What the exercise asks. Images excluded, reproduce each line of the records exactly as it stands.

Records provided.
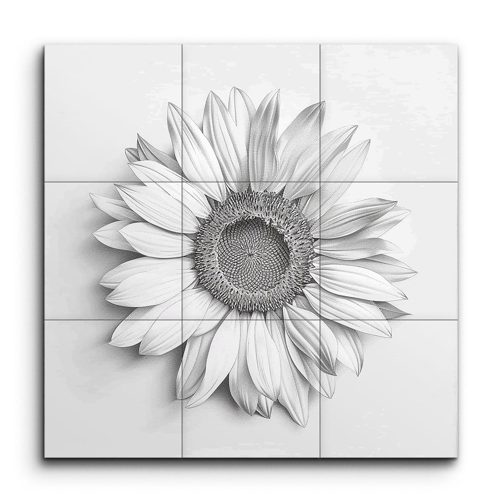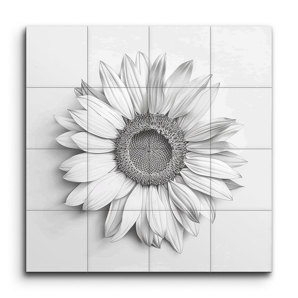Transform your space with this stunning grayscale tile mural, featuring a meticulously detailed sunflower. The artwork captures the intricate structure of the sunflower in exquisite detail, with each petal and the central disc rendered with fine lines and subtle shading. The realistic, botanical accuracy of the piece brings a classic, almost photographic quality to your walls, emphasizing the beauty of form and texture in monochrome elegance. Perfect for adding a touch of nature-inspired sophistication to any setting.
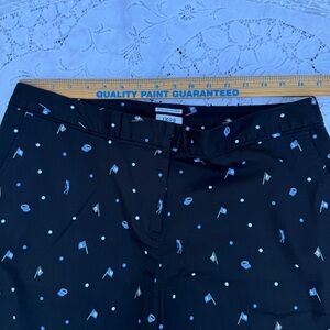 Izod ladies golf shorts in black with golf flags, golfer, visors and polka dots. Like new condition. Size 14
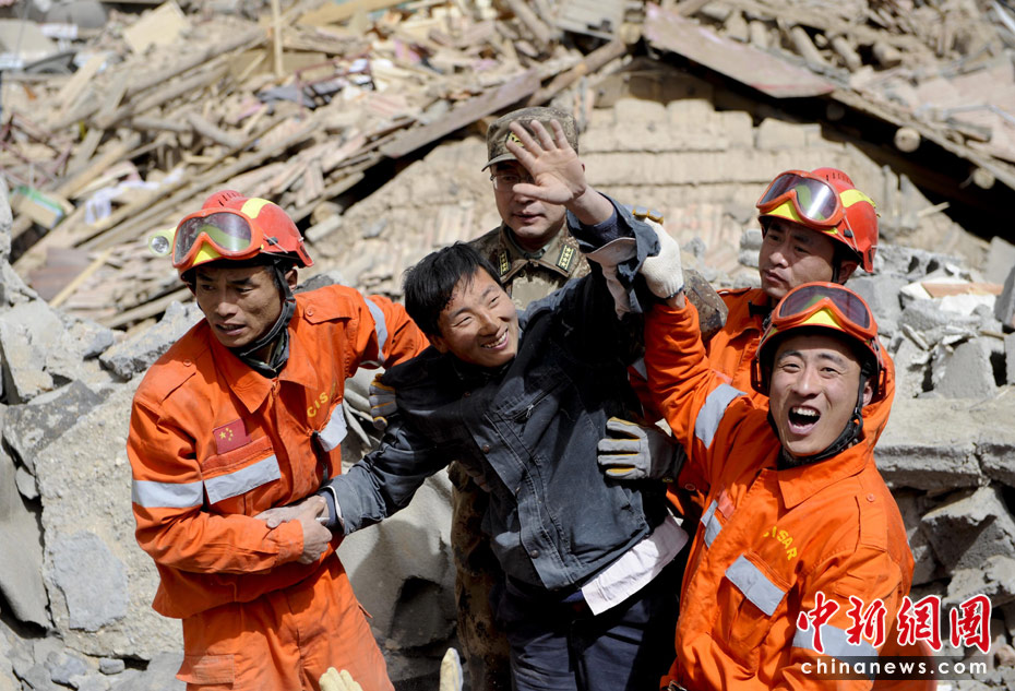 圖為4月15日12時(shí),一位幸存者被中國(guó)國(guó)際地震救援隊(duì)在青海玉樹縣結(jié)古鎮(zhèn)西北牛賓館廢墟中救出,他微笑著揮動(dòng)手臂。中新社發(fā) 廖攀 攝
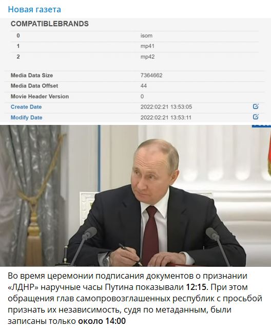 В то же время на видео, где Путин подписывает так называемый «указ» о признании «ДНР» и «ЛНР», его часы показывают 12:15.
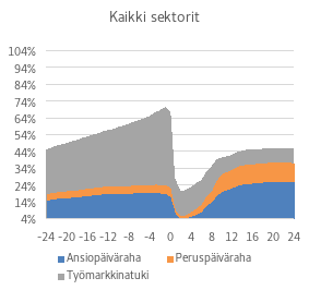 ) löytyvien joustojen keskiväliä ja siten edustaa keskimääräistä tulosta. Ansioturvaa koskevan jouston lisäksi on sovellettu Kyyrän (2020
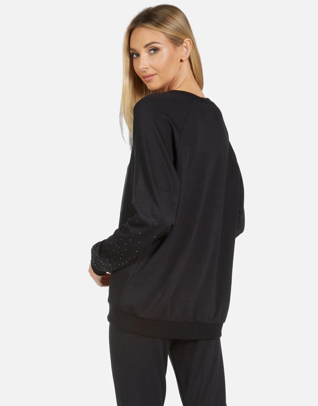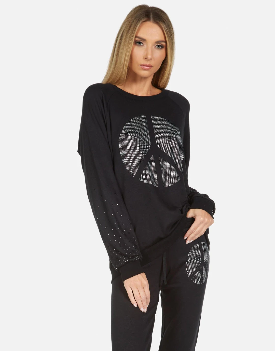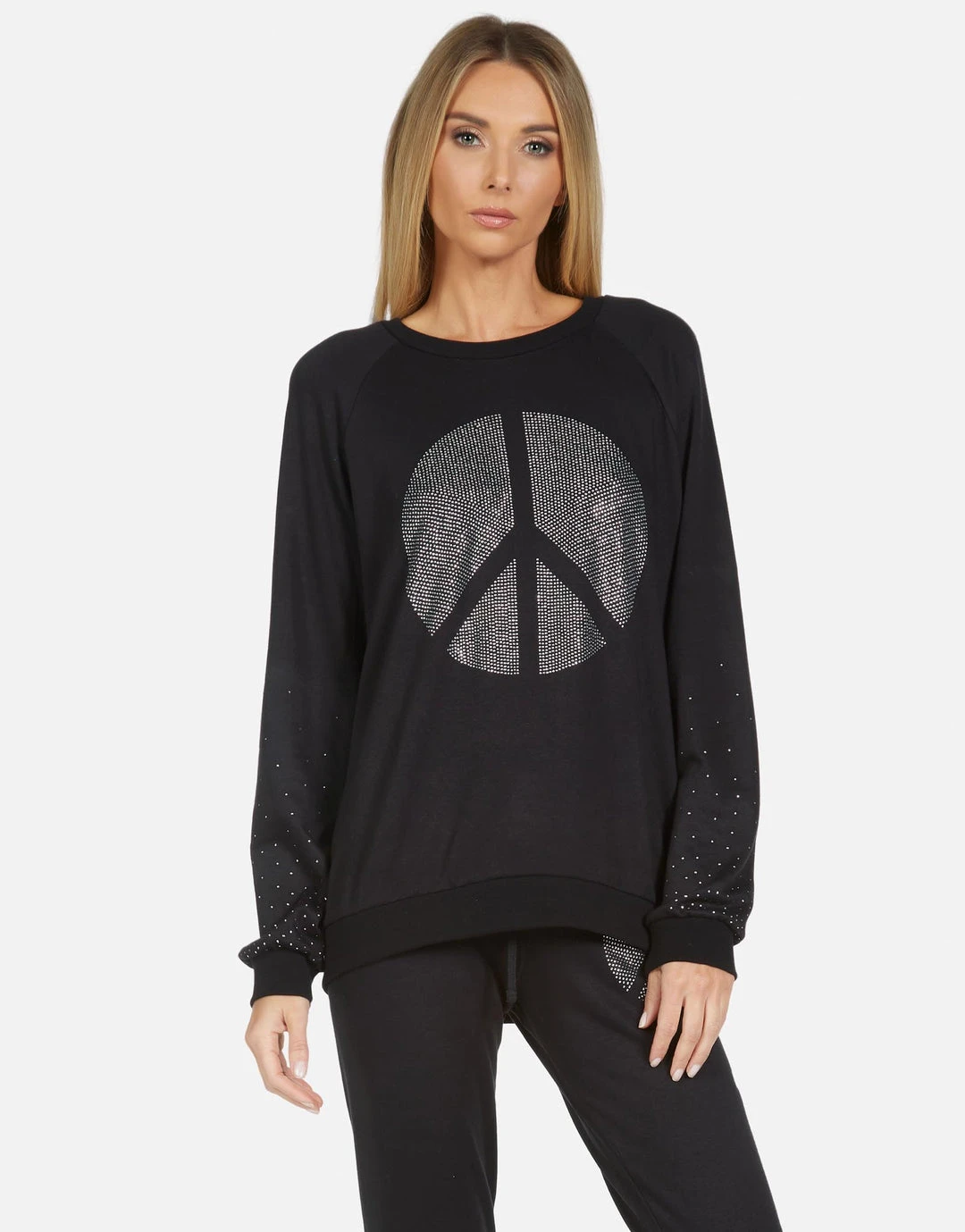 Crystal Peace on Ultra Soft Lightweight Pullover in Black by Lauren Moshi.
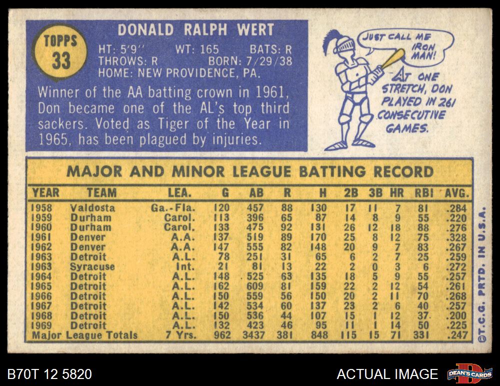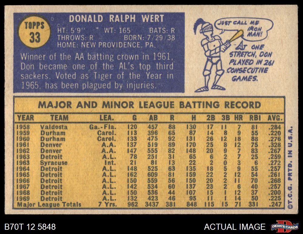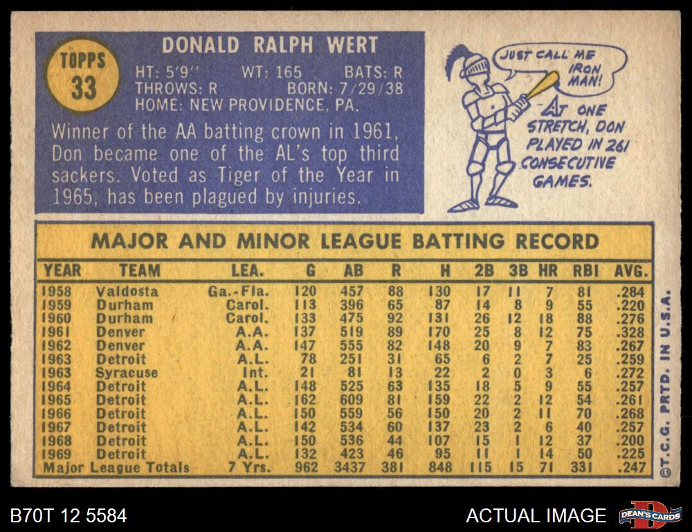 1970 Topps #33 Don Wert 5 - EX

Completed exercise.
Transform your space with this stunning grayscale tile mural, featuring a meticulously detailed sunflower. The artwork captures the intricate structure of the sunflower in exquisite detail, with each petal and the central disc rendered with fine lines and subtle shading. The realistic, botanical accuracy of the piece brings a classic, almost photographic quality to your walls, emphasizing the beauty of form and texture in monochrome elegance. Perfect for adding a touch of nature-inspired sophistication to any setting.
 Izod ladies golf shorts in black with golf flags, golfer, visors and polka dots. Like new condition. Size 14
 圖為4月15日12時(shí),一位幸存者被中國(guó)國(guó)際地震救援隊(duì)在青海玉樹縣結(jié)古鎮(zhèn)西北牛賓館廢墟中救出,他微笑著揮動(dòng)手臂。中新社發(fā) 廖攀 攝
 В то же время на видео, где Путин подписывает так называемый «указ» о признании «ДНР» и «ЛНР», его часы показывают 12:15.
 ) löytyvien joustojen keskiväliä ja siten edustaa keskimääräistä tulosta. Ansioturvaa koskevan jouston lisäksi on sovellettu Kyyrän (2020
 Crystal Peace on Ultra Soft Lightweight Pullover in Black by Lauren Moshi.
 1970 Topps #33 Don Wert 5 - EX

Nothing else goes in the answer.